Problem: Please output every line of the material as it stands, without the pictures.

Dataset content:
******
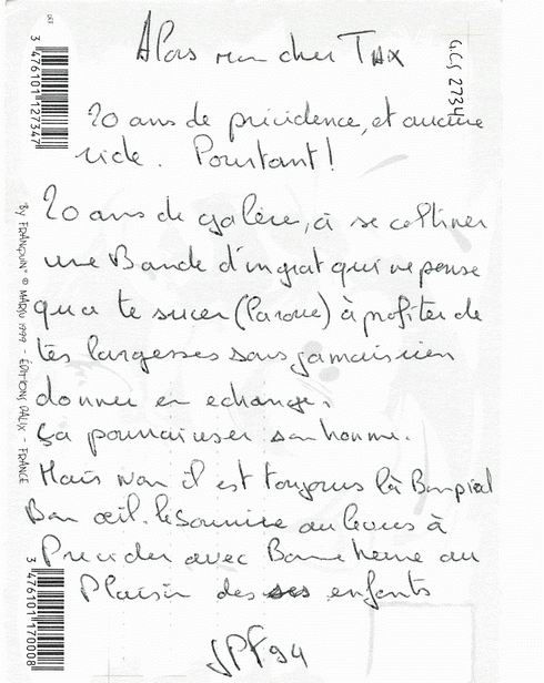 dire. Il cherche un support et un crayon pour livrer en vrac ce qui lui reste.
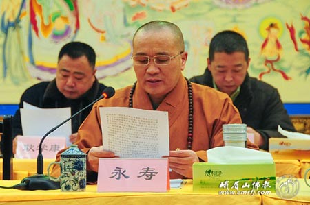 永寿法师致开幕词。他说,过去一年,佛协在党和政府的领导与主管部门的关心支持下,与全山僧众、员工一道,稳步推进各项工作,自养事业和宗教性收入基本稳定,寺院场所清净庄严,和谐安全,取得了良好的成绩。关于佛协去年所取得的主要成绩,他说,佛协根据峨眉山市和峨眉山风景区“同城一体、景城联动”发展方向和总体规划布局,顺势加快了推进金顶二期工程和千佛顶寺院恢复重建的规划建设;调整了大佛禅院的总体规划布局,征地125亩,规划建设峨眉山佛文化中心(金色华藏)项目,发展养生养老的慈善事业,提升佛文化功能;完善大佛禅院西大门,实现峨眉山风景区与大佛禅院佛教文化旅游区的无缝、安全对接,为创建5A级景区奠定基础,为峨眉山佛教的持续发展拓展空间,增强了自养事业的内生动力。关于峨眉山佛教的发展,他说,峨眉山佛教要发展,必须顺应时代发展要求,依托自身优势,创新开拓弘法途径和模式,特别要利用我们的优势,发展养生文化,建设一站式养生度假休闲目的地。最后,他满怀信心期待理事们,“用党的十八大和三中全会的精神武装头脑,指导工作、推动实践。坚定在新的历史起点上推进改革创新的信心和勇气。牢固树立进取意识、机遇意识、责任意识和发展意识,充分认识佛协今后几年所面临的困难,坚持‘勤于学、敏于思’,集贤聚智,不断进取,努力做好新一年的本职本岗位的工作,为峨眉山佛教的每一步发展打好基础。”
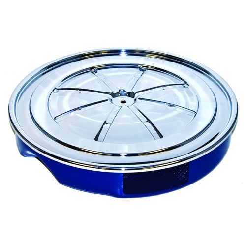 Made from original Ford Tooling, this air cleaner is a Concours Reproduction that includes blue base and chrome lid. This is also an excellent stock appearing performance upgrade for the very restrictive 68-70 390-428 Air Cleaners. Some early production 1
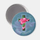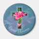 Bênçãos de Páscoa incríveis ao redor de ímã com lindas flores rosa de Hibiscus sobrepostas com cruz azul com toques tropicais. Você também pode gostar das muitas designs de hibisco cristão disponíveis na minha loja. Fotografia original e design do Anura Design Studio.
******
Exercise solution:
 dire. Il cherche un support et un crayon pour livrer en vrac ce qui lui reste.
 永寿法师致开幕词。他说,过去一年,佛协在党和政府的领导与主管部门的关心支持下,与全山僧众、员工一道,稳步推进各项工作,自养事业和宗教性收入基本稳定,寺院场所清净庄严,和谐安全,取得了良好的成绩。关于佛协去年所取得的主要成绩,他说,佛协根据峨眉山市和峨眉山风景区“同城一体、景城联动”发展方向和总体规划布局,顺势加快了推进金顶二期工程和千佛顶寺院恢复重建的规划建设;调整了大佛禅院的总体规划布局,征地125亩,规划建设峨眉山佛文化中心(金色华藏)项目,发展养生养老的慈善事业,提升佛文化功能;完善大佛禅院西大门,实现峨眉山风景区与大佛禅院佛教文化旅游区的无缝、安全对接,为创建5A级景区奠定基础,为峨眉山佛教的持续发展拓展空间,增强了自养事业的内生动力。关于峨眉山佛教的发展,他说,峨眉山佛教要发展,必须顺应时代发展要求,依托自身优势,创新开拓弘法途径和模式,特别要利用我们的优势,发展养生文化,建设一站式养生度假休闲目的地。最后,他满怀信心期待理事们,“用党的十八大和三中全会的精神武装头脑,指导工作、推动实践。坚定在新的历史起点上推进改革创新的信心和勇气。牢固树立进取意识、机遇意识、责任意识和发展意识,充分认识佛协今后几年所面临的困难,坚持‘勤于学、敏于思’,集贤聚智,不断进取,努力做好新一年的本职本岗位的工作,为峨眉山佛教的每一步发展打好基础。”
 Made from original Ford Tooling, this air cleaner is a Concours Reproduction that includes blue base and chrome lid. This is also an excellent stock appearing performance upgrade for the very restrictive 68-70 390-428 Air Cleaners. Some early production 1
 Bênçãos de Páscoa incríveis ao redor de ímã com lindas flores rosa de Hibiscus sobrepostas com cruz azul com toques tropicais. Você também pode gostar das muitas designs de hibisco cristão disponíveis na minha loja. Fotografia original e design do Anura Design Studio.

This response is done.